At a press conference in Miami on Wednesday, the Republican presidential nominee said he hoped Russian hackers would try to dig up Clinton’s deleted emails. The Clinton campaign quickly slammed Trump for the comments, saying in a statement, “This has the be the first time that a major presidential candidate has actively encouraged a foreign power to conduct espionage against his political opponent.” It didn’t take long for major players in the national security sphere to join in.

  • Gen. Michael Hayden, the former director of both the CIA and the National Security Agency, criticized Trump in comments to Bloomberg‘s Eli Lake.

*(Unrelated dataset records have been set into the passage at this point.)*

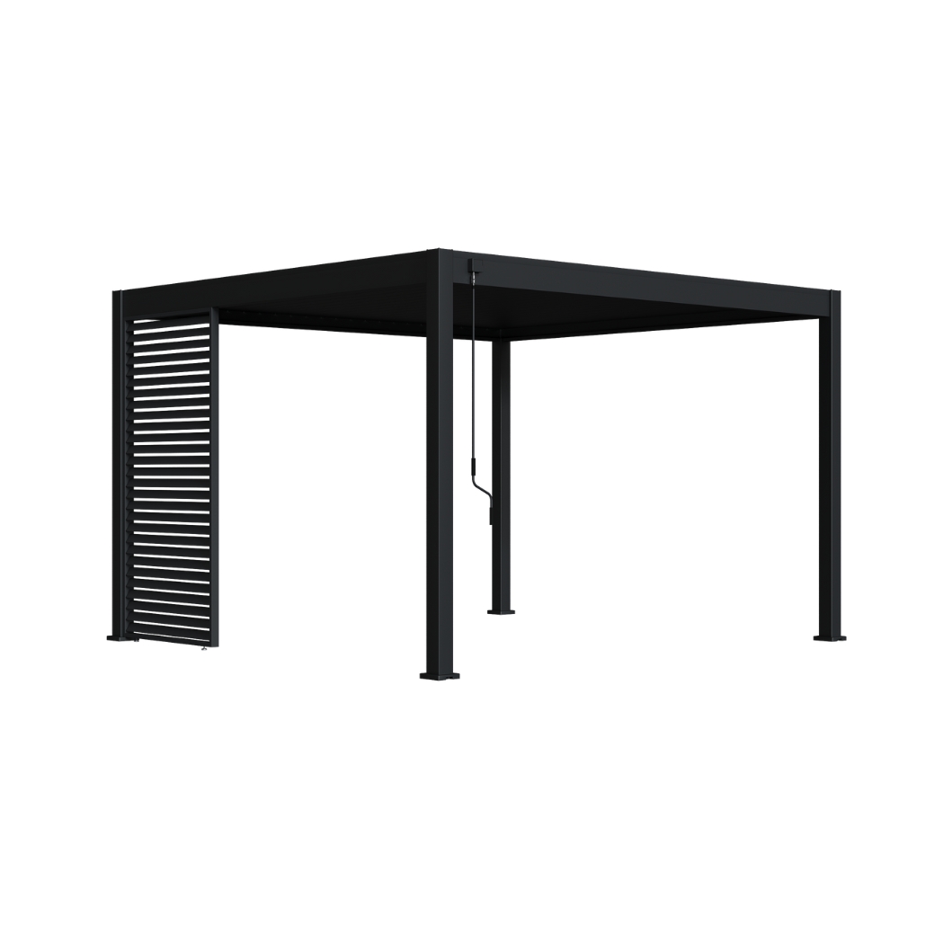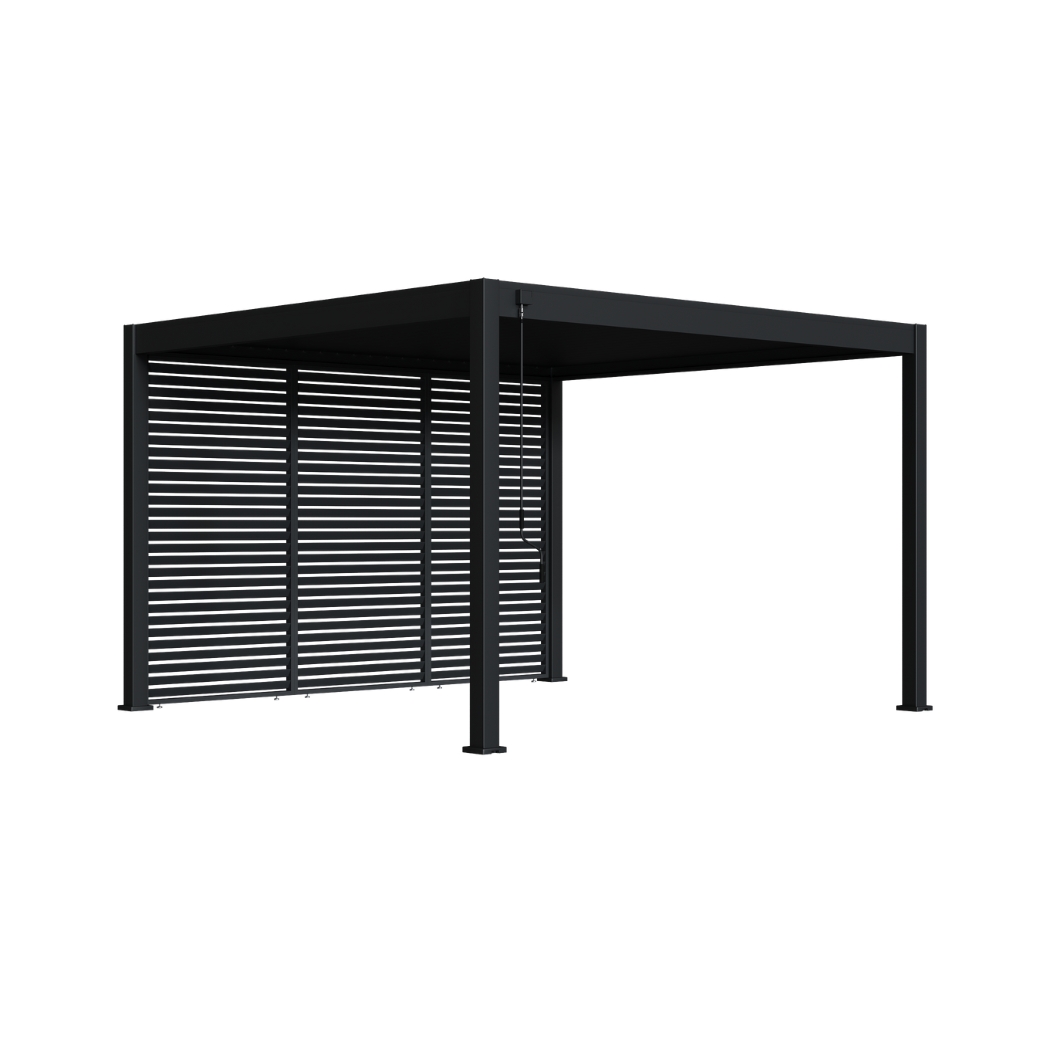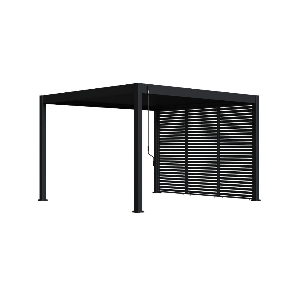Die Lamellenwand von Ventaris stellt eine hochwertige Ergänzung für Ihre Ventaris Pergola dar. Sie gewährleistet zusätzliche Privatsphäre und bietet Schutz vor Wind sowie den störenden Einflüssen einer tief stehenden Sonne. Durch ihr einzigartiges Design lässt sich die Lamellenwand nahtlos an Ihrer Pergola anbringen. Dank der beigefügten Aufbauanleitung gestaltet sich die Installation mühelos. Die festgeklickten, nicht verstellbaren Lamellen gewährleisten eine dauerhafte Positionierung. Hergestellt aus robustem Aluminium verspricht die Lamellenwand Langlebigkeit.
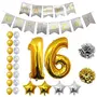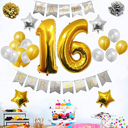 Color:16 Year BrthdayAll that you need to decorate and prepare for a 16 year old's Brthday party. Gold and silver kit of balloons banner pompom and much more.
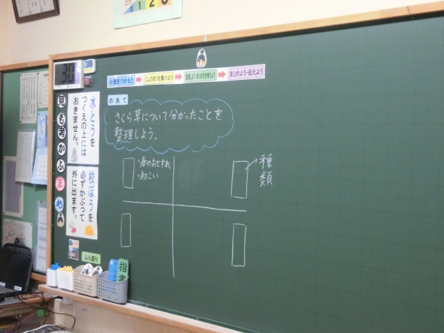 黒板には、めあて「さくら草について分かったことを整理しよう」とともに、「課題をつかもう」→「情報を集めよう」→「整理しよう・まとめ方を考えよう」→「まとめよう・伝えよう」と学習の流れもわかるように掲示されていました。
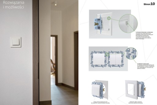 Simon 10 to seria modułowa występująca w kolorze białym oraz kremowym. Zaawansowane tworzywo PC z dodatkami uszlachetniającymi i antystatycznymi pozwala zachować trwałość kolorów.
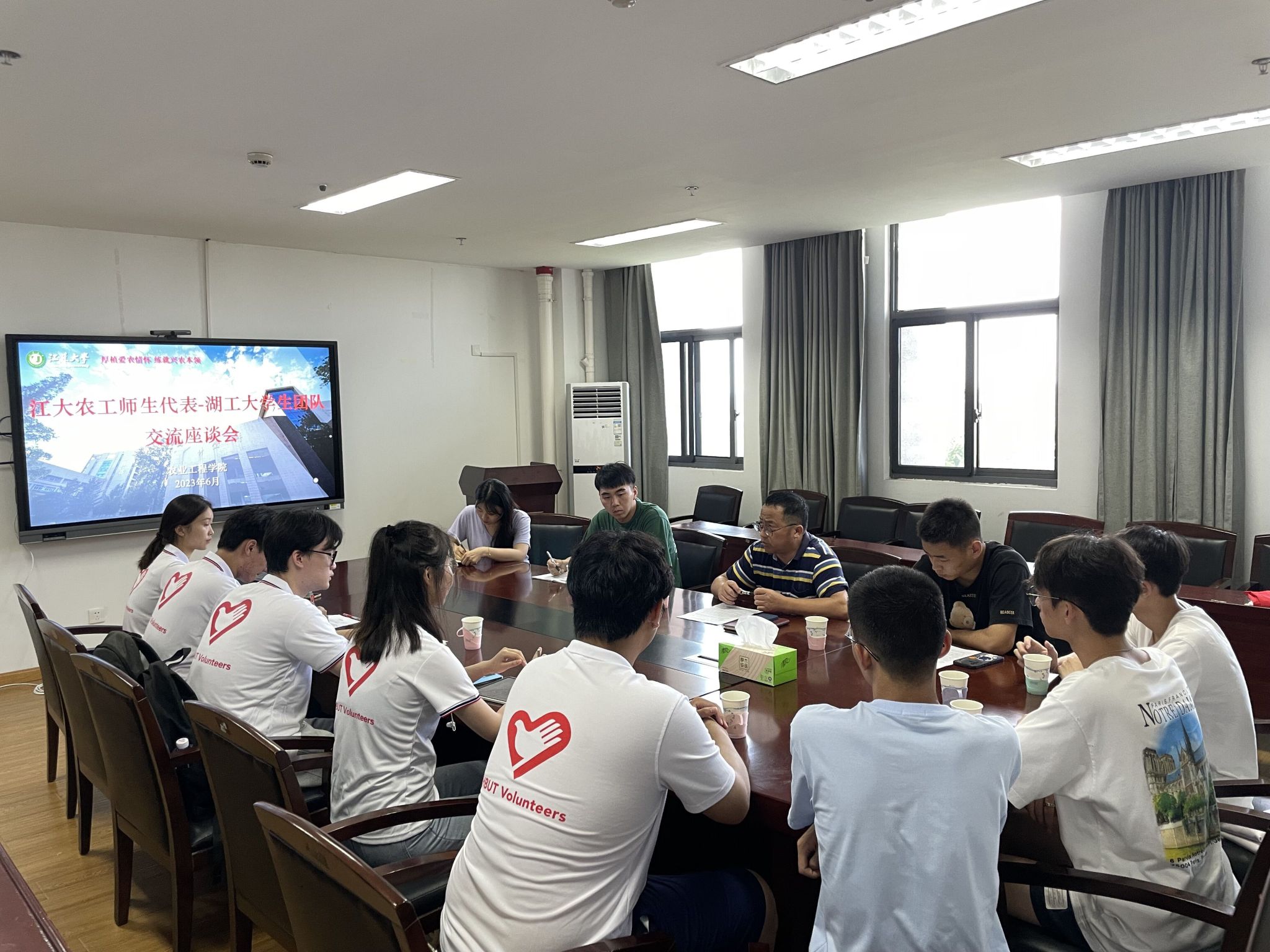 一行人首先在吴硕带领下参观了啪啪啦 实验室,随后与师生代表进行了座谈交流。座谈会上,李俊杰对湖北工业大学经管啪啪啦 学生团队的来访表示了热烈的欢迎,并围绕主题“厚植爱农情怀,练就兴农本领”详细介绍了啪啪啦 学科发展、教学特色、人才培养等基本情况。陈树人从产学研融合协同育人入手,介绍了啪啪啦 科研情况、团队典型、学科前沿信息、科技成果转化、校企合作等方面的情况。随后,双方围绕农机装备产学研合作、学科教学特色、人才培养方案等进行了深入讨论。
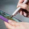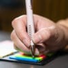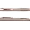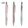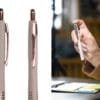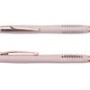 Bolígrafo con cuerpo de color sólido mate, suave al tacto, diseño sofisticado. Detalles metalizados rosa. Sistema de apertura retráctil con stylus para pantallas táctiles. En la parte inferior, contiene 2 detalles con hundimiento en forma de punta de flecha. (Bolígrafo/Esfero)
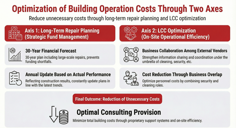 Leveraging Japanese-standard expertise, we develop data-driven repair plans that forecast facility needs decades into the future. This proactive approach eliminates the risk of unexpected, high-cost repairs and stabilizes your financial planning. We transform "emergency fixes" into "strategic investments" to maintain peak asset value.
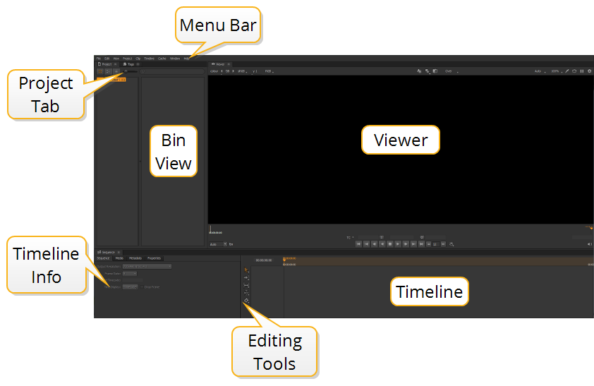 • The Timeline workspace is similar to the Editing workspace, but only include a single source Viewer.
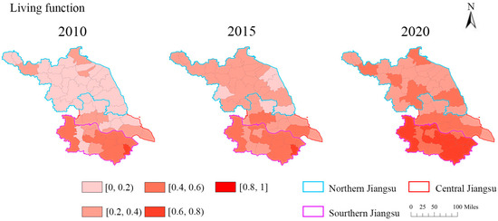 In terms of the spatial distribution, the distribution of living function showed a decreasing pattern from south to north, with significant regional differences. The score of living function in the southern part of Jiangsu is much higher than that in the northern part, which showed a similar distribution pattern with the level of socioeconomic development. In 2010, almost all of the living function values in northern and central Jiangsu were below 0.2, with the lowest in Dongtai at only 0.056. At this time, in nearly half of southern Jiangsu, the values of the living function were more than 0.4, and sometimes considerably more, as in the case of Kunshan reaching 0.738, which was 13 times that of Dongtai. The average living function was just 0.231 in 2010. In 2015, almost all regions had improved their living functions to above 0.2, with only four counties—Binhai, Sheyang, Dongtai, and Sihong—still below 0.2. Despite this, only one-third of the counties in Jiangsu reached 0.4 or more, and Kunshan was still the only area with a living function of 0.6 or higher. However, the difference between the highest and lowest values was only 4 times. At this point, the provincial average of the living function rose 1.5 times to 0.335. By 2020, there had been a significant improvement in the whole province. All areas with the living function below 0.2 had disappeared. The number of districts with the living function of 0.4 or more reached 29, while the number of districts with the living function of 0.6 or more reached 10. The gap between the maximum and minimum values narrowed further, with a difference of only 3-fold.
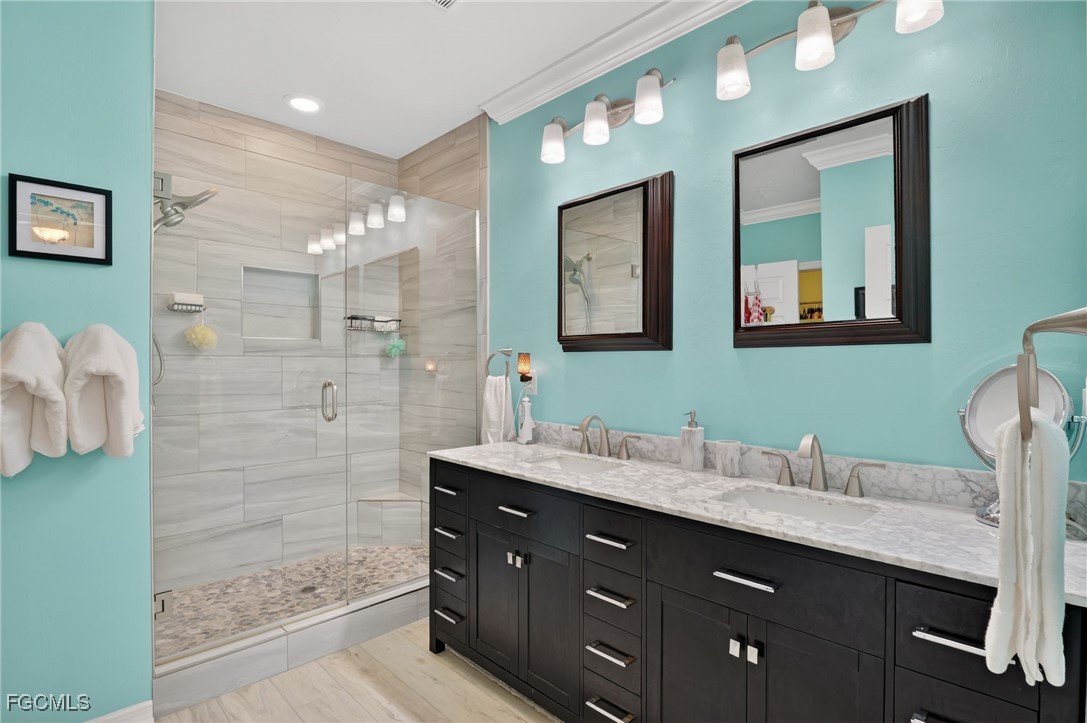 Modern Open Great Room Design With Large Kitchen Including A Spacious Island, Walk In Pantry, Upgraded Appliances, Ample Cabinetry, Granite Counters, Tile Backsplash And Whole Home Water Filtration System. The Private Owners Suite Includes His & Hers Customized Walk-In Closets, New Dual Sink Vanities And Tiled Walk In Shower With Frameless Enclosure. Some Of The Fine Features Of This Sparkling Home Include Nine Foot Ceilings, Plantation Window & Door Shutters, Crown Molding, New Flooring, Widened Paver Driveway, Screened Entry And Lanai, Upgraded Fans And Lighting Throughout, Overhead Garage Storage Racks, Rain Gutters, State Of The Art Protection Including Accordion Metal Shutters, Whole Home Surge Protection And Hard Wired Generator Hook Up And Is Not In A Flood Zone. Cascades At River Hall Is Vibrant 55+ Neighborhood With An Amazing Clubhouse, Resort Pool, Fabulous Exercise Gym, Tennis, Bocce & Pickleball Courts, Social Cubs And Activities Galore And Is Pet Friendly, Perfect For Meeting New Friends! The Very Reasonable Dues Include All That And Full Cable, Internet, Lawn Care And A Gated Entrance. Set On A Spacious Southern Exposure Lot, Perfect For A Pool Or Play Area And Close To Golf, Shopping, Restaurants, I75, RSW & PGD Airports, And Convenient To The Award Winning Beaches Of Southwest Florida. Visit This Amazing Home Today!
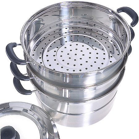 3-х ярусная мантоварка MAYER & BOCH выполнена из высококачественной нержавеющей стали. Мантоварка — это специальная многоуровневая кастрюля с помощью которой можно готовить блюда на пару. Через отверстия в днищах ярусов происходит доступ пара от кипящей воды к приготовляемым продуктам. Идеально подходит для блюд национальной кухни: мант, поз, паровых пельменей и т.п. Кроме этого, на пару можно готовить множество других полезных диетических блюд. Мантоварка оснащена удобными бакелитовыми ручками и стеклянной крышкой, через которую можно наблюдать за процессом готовки. Подходит для всех типов плит, кроме индукционных. Подходит для мытья в посудомоечной машине.
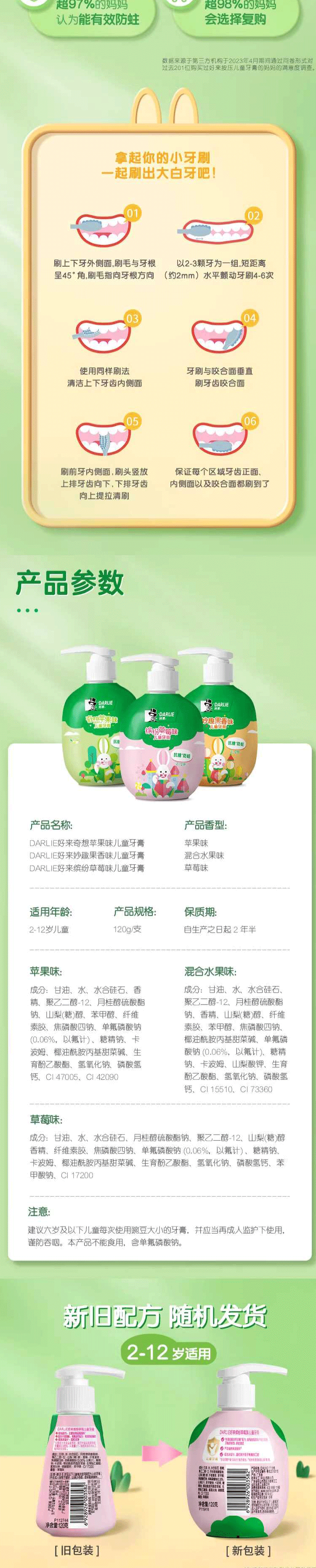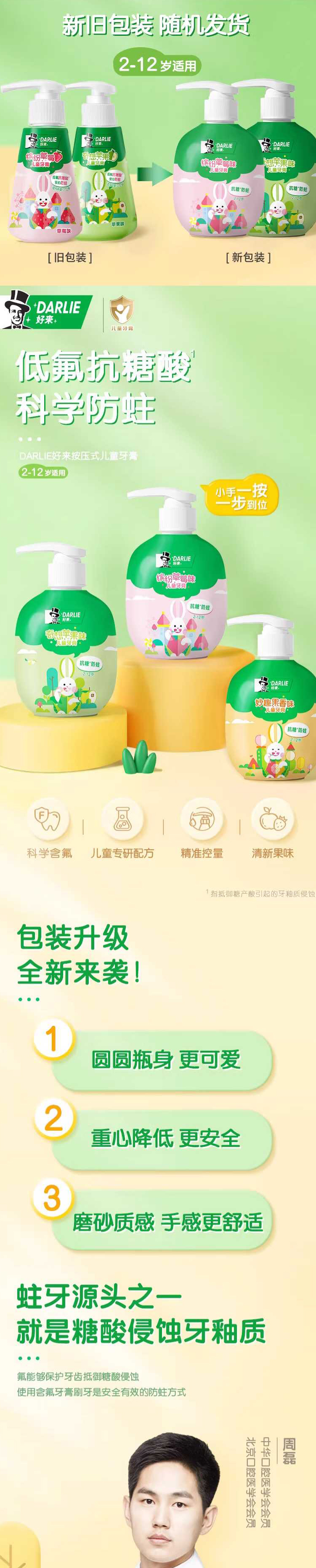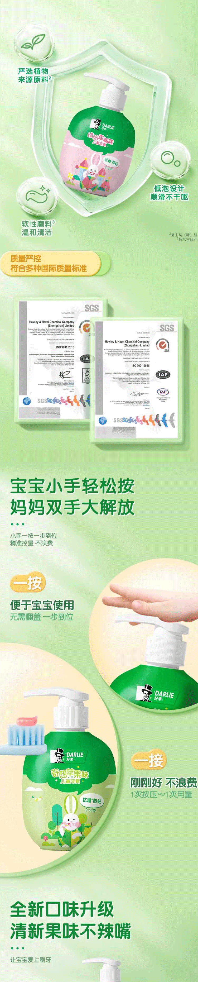 【品牌直发】DARLIE好来黑人牙膏2-12岁儿童牙膏含氟防蛀护龈固齿按压120g-批发
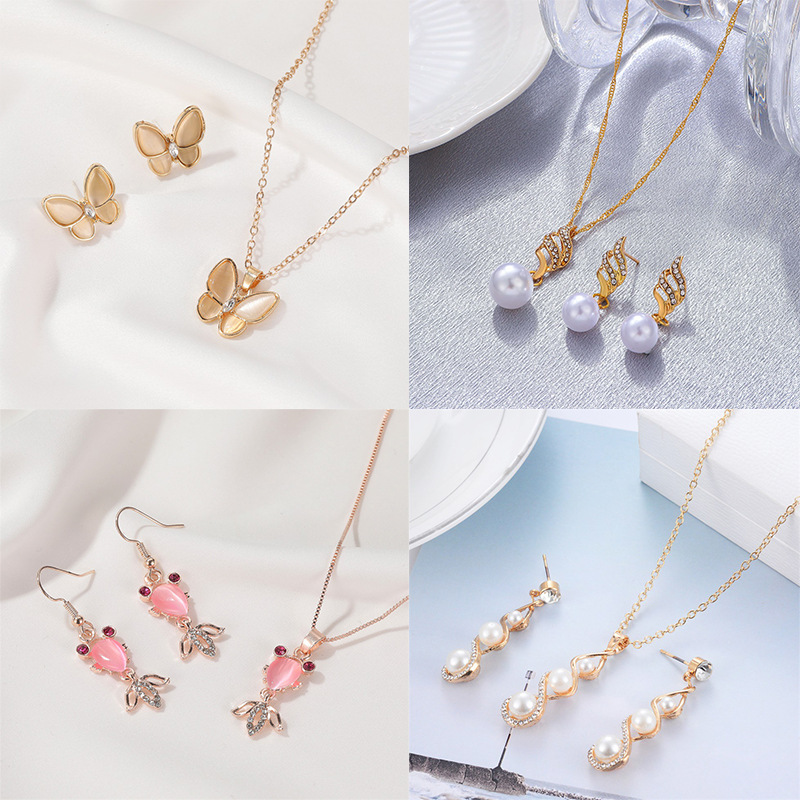 Traje de joyería de perlas de diamantes de Venta caliente transfronteriza temperamento de moda de mujer flor geométrica gota de agua collar pendientes traje
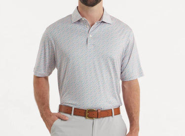 Made from a lightweight blend of 92% Polyester and 8% Spandex, this polo offers moisture-wicking, quick-dry comfort with four-way stretch for maximum mobility. Designed with a classic three-button placket and all-over print, it’s versatile enough for summer adventures, the golf course, or client meetings.
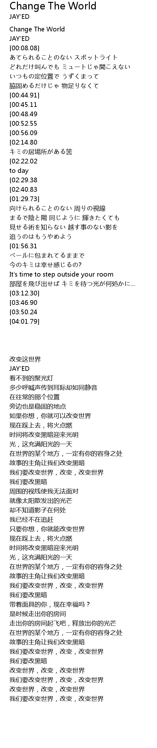| [03:57.51][03:50.24] | We gotta change the world, change, change the world |
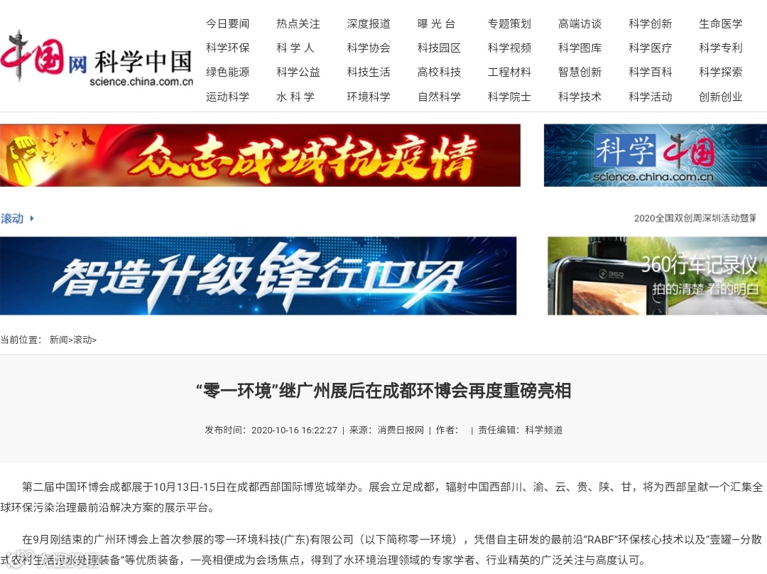 零一环境核心“RABF”技术作为一种实用性强、能耗低的污水生化处理技术,多次亮相环博会,前后分别参与了第二届中国环博会广州展、成都展。
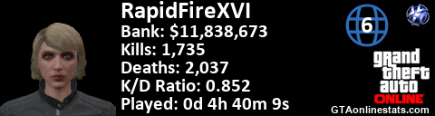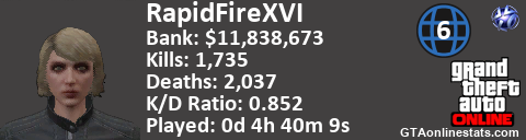 [URL=http://GTAonlinestats.com/showplayer/RapidFireXVI/3][IMG]http://GTAonlinestats.com/signature/RapidFireXVI/3/sig.png[/IMG][/URL]
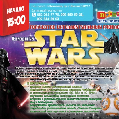ТОРЖЕСТВО ИНТЕЛЛЕКТУАЛЬНЫХ РАЗВЛЕЧЕНИЙ ВЕЧЕРИНКА "STAR WARS"

  • Adm. James Stavridis, who was once the highest-ranking officer in the Navy and was briefly mentioned as a possible vice presidential pick for Clinton, called Trump’s comments “shocking and dangerous” in an interview with the Guardian. “In addition to the obvious domestic political implications of essentially inviting interference in our election, they will further undermine European confidence in the reliability of the US as an ally—particularly in the face of Russian adventurism,” he said.
  • Former CIA director and Defense Secretary Leon Panetta expressed shock at Trump’s statements. “I find those kinds of statements to be totally outrageous,” he told CNN.

  • Mike Vickers, a well-known former CIA officer and Pentagon official, wrote a column for Politico Magazine that dismantled all aspects of Trump’s foreign policy. “America today faces three principal national security threats,” Vickers wrote, “from radical Islamists, who seek to terrorize Americans and overthrow the existing order in the Middle East; from a resurgent Russia, which seeks to reassert its dominance over the former Soviet Empire and overthrow the existing order in Europe; and from a rising China, which seeks suzerainty in Asia. In all three areas, Trump has shown a limited grasp of the nature of the threat and has proposed strategies that would make America less secure.”